Зарокотали каблуки, заныл мозаичный пол, затряслись стекла в стрельчатых окнах — из глубин своих покоев дирижаблем выплыл дедушка, Транквилион Астериусович Ичеткин, владелец театров гомунькулюсов и Живых теней, паппет-мастер, черный маг-визионер и заслуженный прорицатель, для домашних же просто «Траня».
Одет он был в шелковый халат густо-винного цвета, на бритой голове — расшитая серебряными змеями черная шапочка. Клиновидная огненная борода острием указывала на побрякивающие золотые амулеты, что терялись средь рыжих зарослей на груди. Пламенная рыжина у Трани была от матери, а глаза — отцовские, желто-зеленые, кошачьи; зрачки игольным ушком…
Остановился, крякнул, требовательно пробасил:
— Ну, чего, прекрасная половина? Сестрицы-племяшки-внучки… Чего сонные такие?! Уж Луна взошла! А ну вперед, в кухню! Работа не волк, работа — ворк…
Траня очень любил заезженные плоскости и штампы.

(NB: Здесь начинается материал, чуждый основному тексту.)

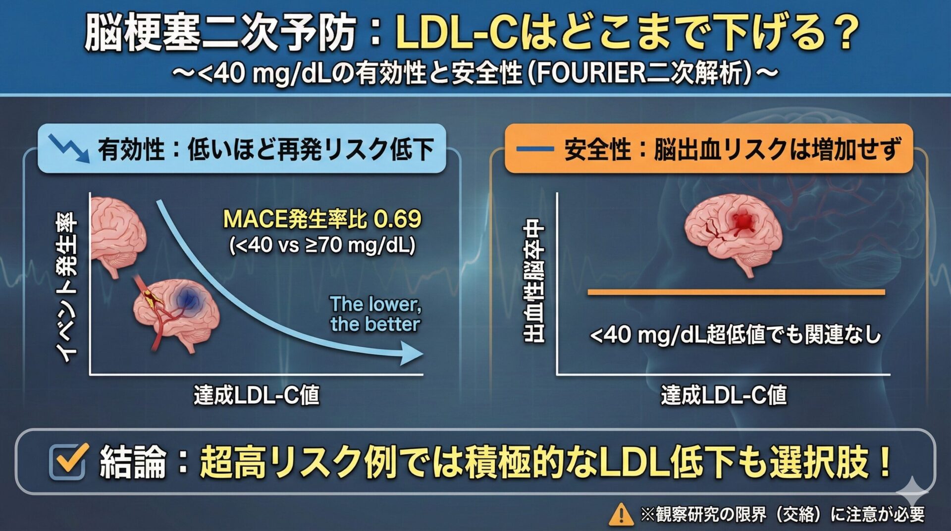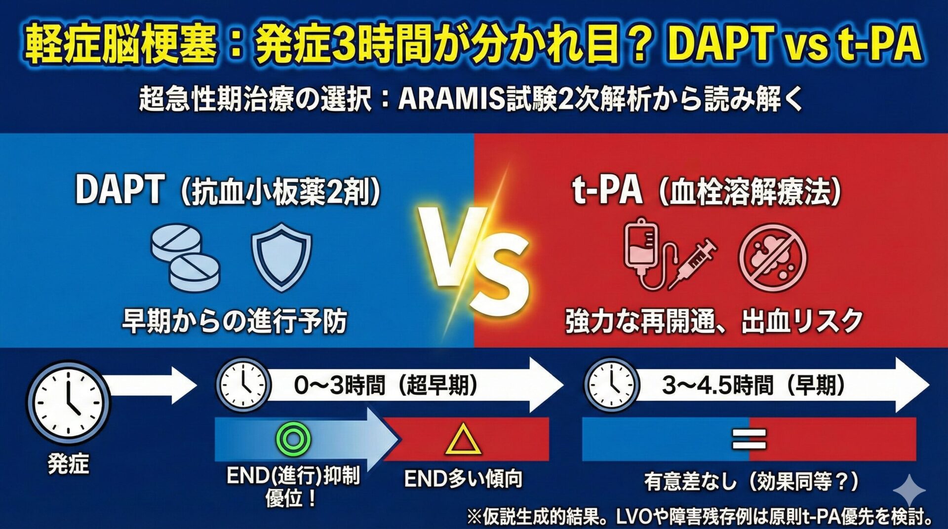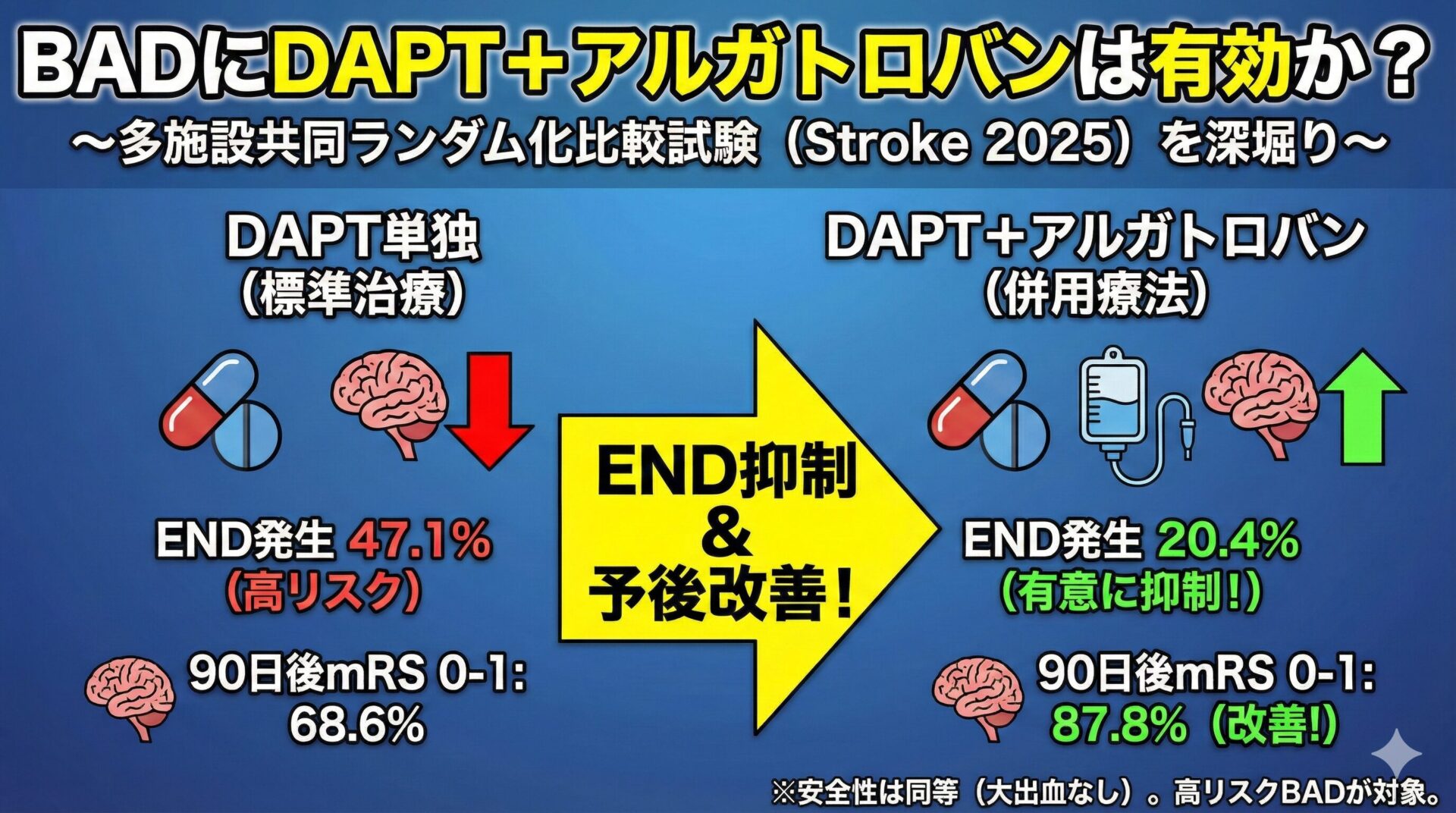 CATEGORY 脳卒中 "感度・特異度"だけで満足していませんか?〜HINTS試験に学ぶ、診断研究の正しい読み方〜 2026.02.18 脳卒中 Neurolog管理人 にゅ〜ろろぐ|脳の羅針盤 塞栓源不明脳塞栓症(ESUS)は本当に心原性脳塞栓症(CE)より予後良好なのか? 〜BMC Neurology 2025の前向きコホートの結果から考える〜 2025.12.08 脳卒中 Neurolog管理人 にゅ〜ろろぐ|脳の羅針盤 無症候性頸動脈狭窄症:強力な内科的治療にCAS/CEAを上乗せする価値はあるか?〜CREST-2の結果から〜 2025.12.01 脳卒中 Neurolog管理人 にゅ〜ろろぐ|脳の羅針盤 脳梗塞の二次予防でLDL-Cはどこまで下げる? 〜<40 mg/dLの有効性と安全性〜 2025.11.17 脳卒中 Neurolog管理人 にゅ〜ろろぐ|脳の羅針盤 カナグリフロジンは選択的SGLT2阻害薬より脳卒中リスクが高い? 2025.11.13 脳卒中 Neurolog管理人 にゅ〜ろろぐ|脳の羅針盤 軽症脳梗塞の超急性期治療:DAPT vs t-PA、発症から治療開始までの時間は予後にどう影響するか? 2025.11.04 脳卒中 Neurolog管理人 にゅ〜ろろぐ|脳の羅針盤 脳静脈洞血栓症の抗凝固療法:DOACはワルファリンの代替となるか? 2025.10.24 脳卒中 Neurolog管理人 にゅ〜ろろぐ|脳の羅針盤 BADにDAPT+アルガトロバンは有効か? 〜多施設共同ランダム化比較試験(Stroke 2025)を深堀り〜 2025.10.22 脳卒中 Neurolog管理人 にゅ〜ろろぐ|脳の羅針盤 心房細動+動脈硬化を合併した脳梗塞の最適な抗血栓療法は?〜ATIS-NVAF試験が示した「併用の純利益なし」〜 2025.10.12 脳卒中 Neurolog管理人 にゅ〜ろろぐ|脳の羅針盤 多発性硬化症(MS)患者は脳卒中リスクが高いのか?〜2025年の人口ベース大規模コホートを実践的に読み解く〜 2025.10.05 免疫 Neurolog管理人 にゅ〜ろろぐ|脳の羅針盤 1…2
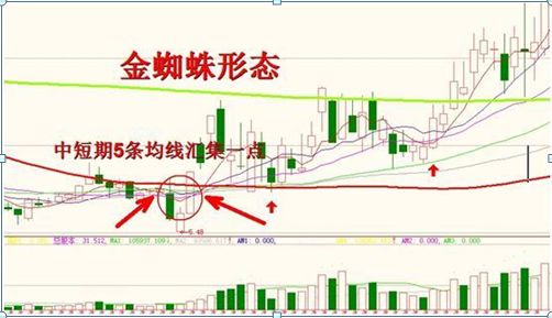 “金蜘蛛”买入法:是指从高位向下移动到低位后拐头向上汇合在一起的形态。由5日,10日,20日均线交叉于一点,然后股价站在交叉点之上的均线技术形态,标准的三线合一是比较少见的,俗称“金蜘蛛”。它要求至少有两条均线金叉,若是普通交叉或是死亡交叉那就够不成金蜘蛛。
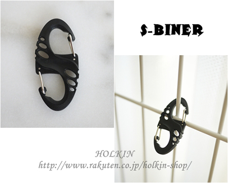 S字型のプラスチック製の、アクセサリーカラビナ。

Сестры-племяшки засмеялись, ладошками и углами шалей с длинной бахромой замахали на него — уйди, постылый!
Тут Транквилион Фаню заметил, крякнул громче прежнего. Изобразил ему, по традиции, кота: щеки надул, ухоженные огненно-рыжие усы встопорщил, а глаза — блюдцами!
— Пфффушшш… Мя-я-я-ЯЯЯЯ!
Фаня засмеялся — сил нет как, чуть не задохнулся. Согнулся пополам, стал хлопать себя по заклеенной пластырем коленке.
Траня, довольно крякая, зажал в жемчужных зубах длинную бразильскую сигару «фина корону», поплыл далее — курить на балюстраду.

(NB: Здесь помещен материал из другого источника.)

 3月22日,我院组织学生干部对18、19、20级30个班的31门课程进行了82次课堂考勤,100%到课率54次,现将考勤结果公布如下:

А вот показался на свет канделябров, постукивая по паркету тростью, прадед Астериус Ичеткин, по-домашнему Стеша, худой и сухонькой, в домашнем вязаном кардигане (конечно же, с модно завязанным галстуком).
— Готовятся, значит, — прислушался он, добавил, ни к кому особо не обращаясь, в пространство. — Стало быть, скоро гостей жди!

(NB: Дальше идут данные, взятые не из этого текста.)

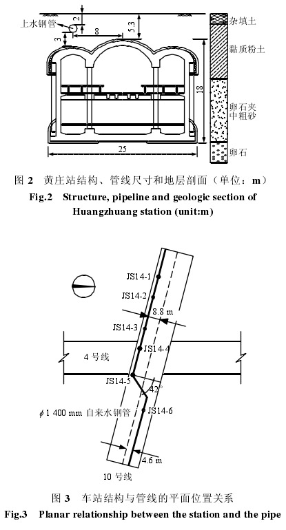 地铁车站施工对刚性接头管线的影响研究较少(刚性接头管线是指在保证使用功能的条件下,接头不能或不允许发生转动的管线,典型的刚性接头管比如焊接钢管),本文以北京地铁 10 号线黄庄站工程为背景,在对管-土相互作用合理模拟的基础上,运用数值分析与现场监测数据结合的方法,选取直径为 1 400 mm 的上水钢管作为研究对象,系统研究了洞桩法车站施工对地层和刚性接头管线的影响。
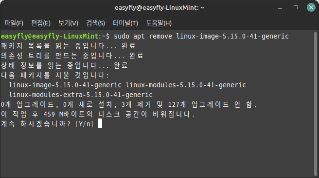 예를 들어, `linux-image-5.15.0-41-generic` 버전의 커널을 제거하려면 다음과 같이 입력합니다.
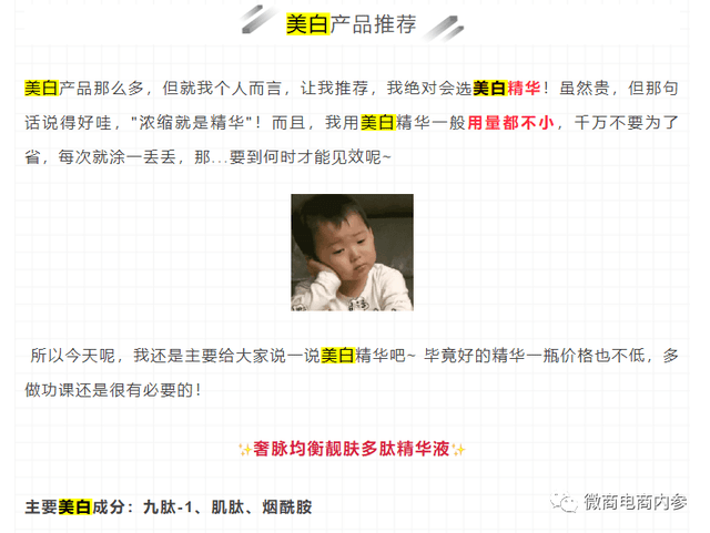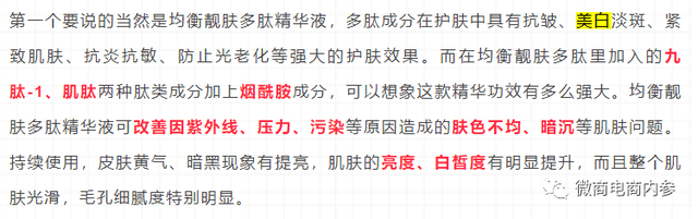 再说回产品宣传方面,综上所述,上面这些挂着奢脉牌子的化妆品所具有的资质都是国产非特殊用途化妆品,但在公众号“奢脉颜究院”的一篇题为《护肤界“美白骗局”大揭露,听我的,这些才是真正美白的方法!!》的文章的宣传下,“奢脉均衡靓肤多肽精华液”、“奢脉均衡肌底精华液”都成了美白产品,都具有了美白成分。

Увидел Фаню, сверкнув агатом фамильного перстня, запустил узкую морщинистую ладошку в карман, вытащил золотые очки в тонкой оправе, поднес к глазам.
Требовательно посмотрел:
— Ты кто?
— Фанаг-х-хион! — старательно попытался выговорить Фаня, аж подпрыгнул, но на букве «Р» по обыкновению сбился, страдальчески сморщился.
— А фамилия твоя…?
Фаня в ответ, звонко, хлестко:
— Ичеткин!
— Молодец…
Прадед очки спрятал, из того же кармана выудил леденец (оскаленная сахарная черепушка на палочке), правнуку вручил. Одобрительно потрепав по вихрам, последовал дальше, отмечая свой путь гулким стуком трости.
Старый Дом ожил…
Вечер накануне Купалья — великий вечер. Со всех концов страны, из ближнего и дальнего зарубежья, из выбеленных ветрами пустынь и блистающих огнями мегаполисов, из затерянных в тайге плесневелых избушек и заросших мохом замков, съезжаются родственники. Съезжаются сюда, на Смородову Горку, на традиционный семейный праздник.
Так среди них заведено не первое столетие. Грядет заветная ночь — и вот съезжаются, слетаются, сползаются. Племянники и племянницы, внуки и внучки, дядюшки и тетушки, кузены и кузины.
Фаня Ичеткин прокрался по коридору, как шиноби-фандорин, никем не замеченный, на цыпочках зашел в одну из гостевых комнат.
В дальнем углу ее сидел на бамбуковом коврике одетый в черное кимоно двоюродный дед, Патрик Ичеткин (урожденный Патримицин Астериусович). Большой оригинал и космополит, позапрошлым вечером прилетевший из Сиднея.
Сидел, погрузившись в медитацию, скрестив ноги и выставив сложенные особым образом пальцы расслабленных рук, невидящим взглядом смотрел в стену.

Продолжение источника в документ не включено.